▶ [Records for the task]
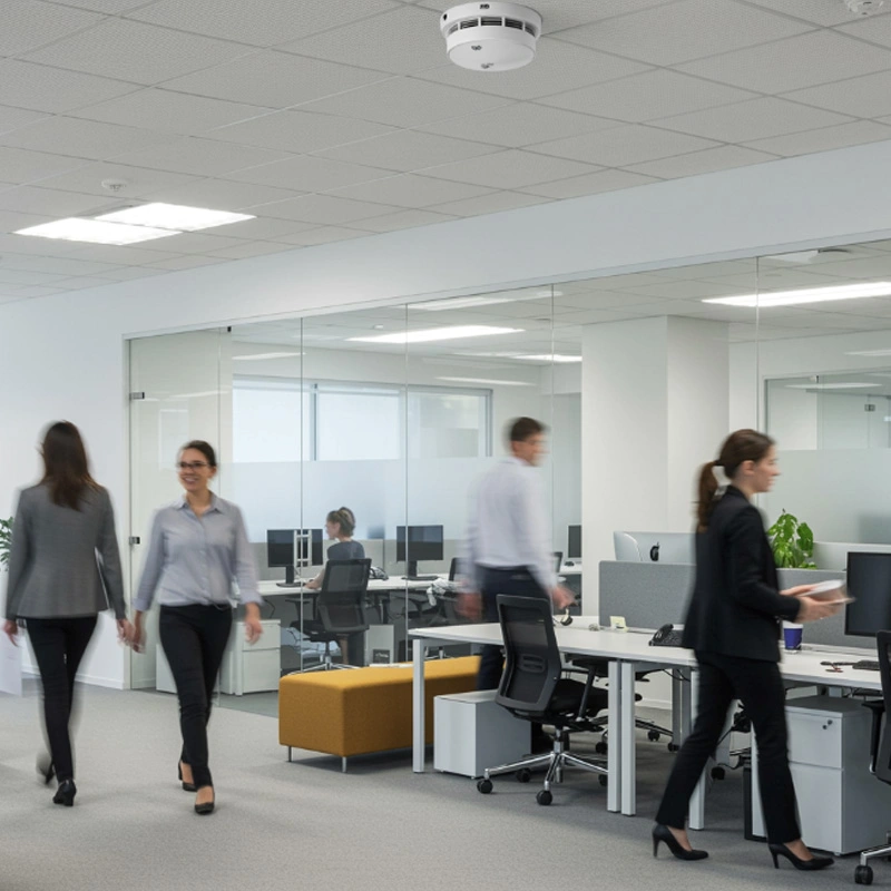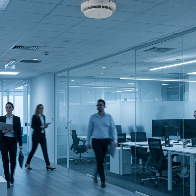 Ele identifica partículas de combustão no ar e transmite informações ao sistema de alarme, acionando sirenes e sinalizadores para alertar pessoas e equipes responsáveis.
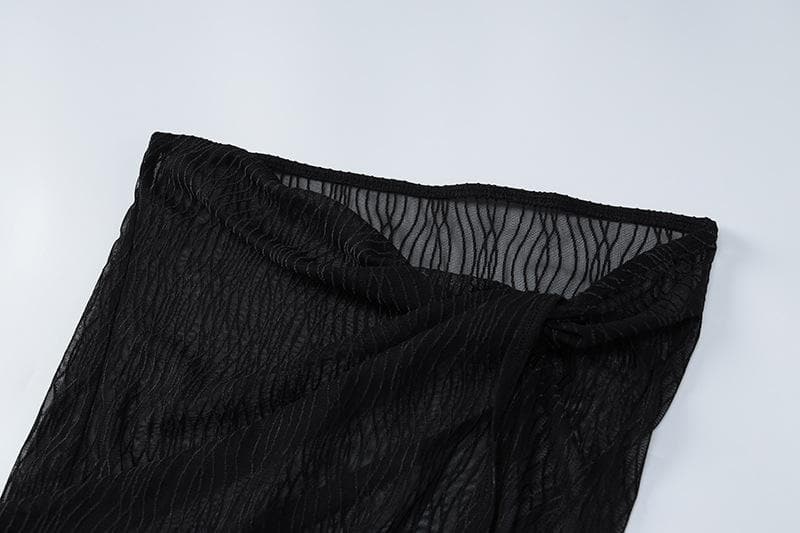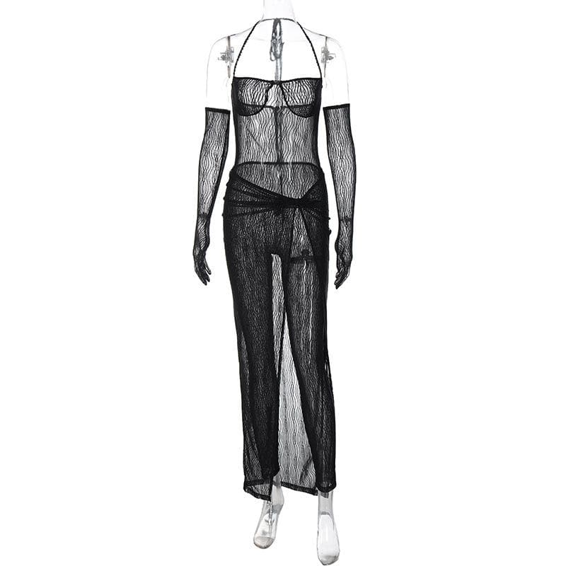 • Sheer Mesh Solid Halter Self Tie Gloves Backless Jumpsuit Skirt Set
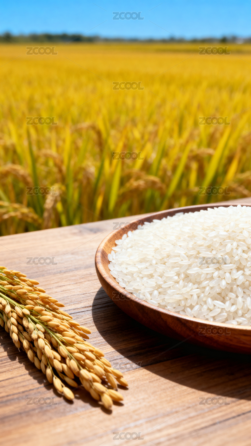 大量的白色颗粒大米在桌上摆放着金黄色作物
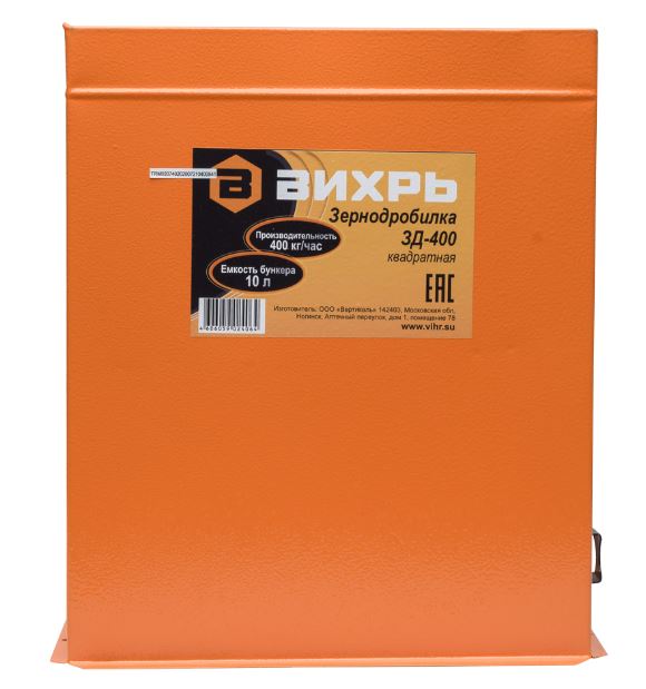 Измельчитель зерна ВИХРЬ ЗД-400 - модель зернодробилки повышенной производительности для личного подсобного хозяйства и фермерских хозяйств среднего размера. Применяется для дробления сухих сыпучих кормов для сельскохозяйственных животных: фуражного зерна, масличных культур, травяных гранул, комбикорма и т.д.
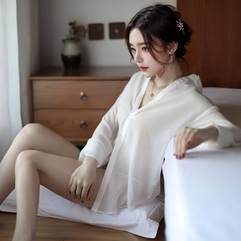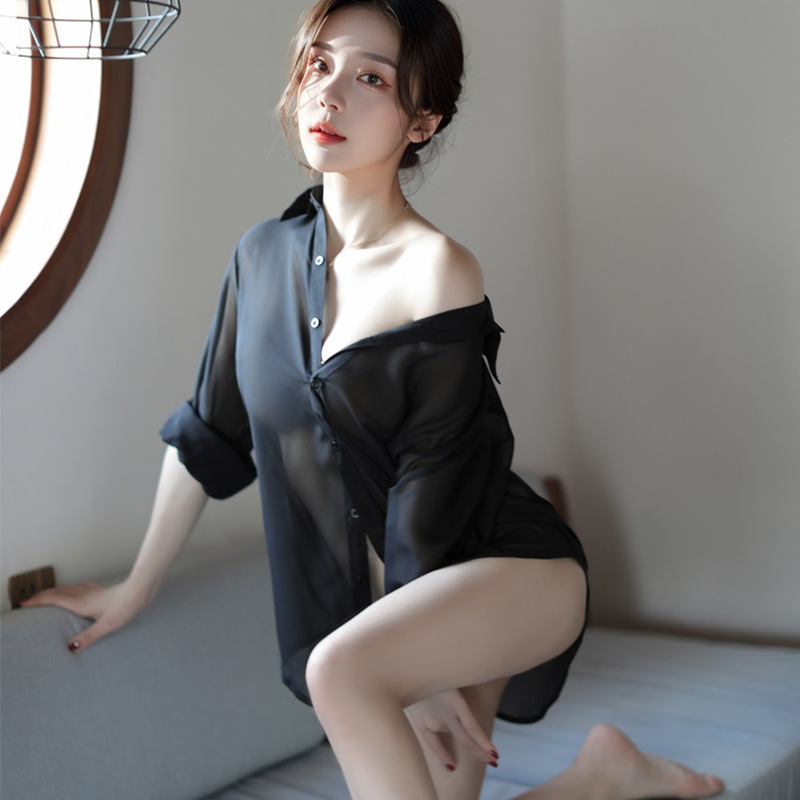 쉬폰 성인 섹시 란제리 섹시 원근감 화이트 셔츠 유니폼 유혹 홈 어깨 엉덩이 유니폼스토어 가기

▶ [What needs to be done] The lines to copy run from the one with "Jumpsuit Skirt Set" through the end of the material. Write them out exactly, leaving out the pictures.

▶ [Result for this task]
 • Sheer Mesh Solid Halter Self Tie Gloves Backless Jumpsuit Skirt Set
 大量的白色颗粒大米在桌上摆放着金黄色作物
 Измельчитель зерна ВИХРЬ ЗД-400 - модель зернодробилки повышенной производительности для личного подсобного хозяйства и фермерских хозяйств среднего размера. Применяется для дробления сухих сыпучих кормов для сельскохозяйственных животных: фуражного зерна, масличных культур, травяных гранул, комбикорма и т.д.
 쉬폰 성인 섹시 란제리 섹시 원근감 화이트 셔츠 유니폼 유혹 홈 어깨 엉덩이 유니폼스토어 가기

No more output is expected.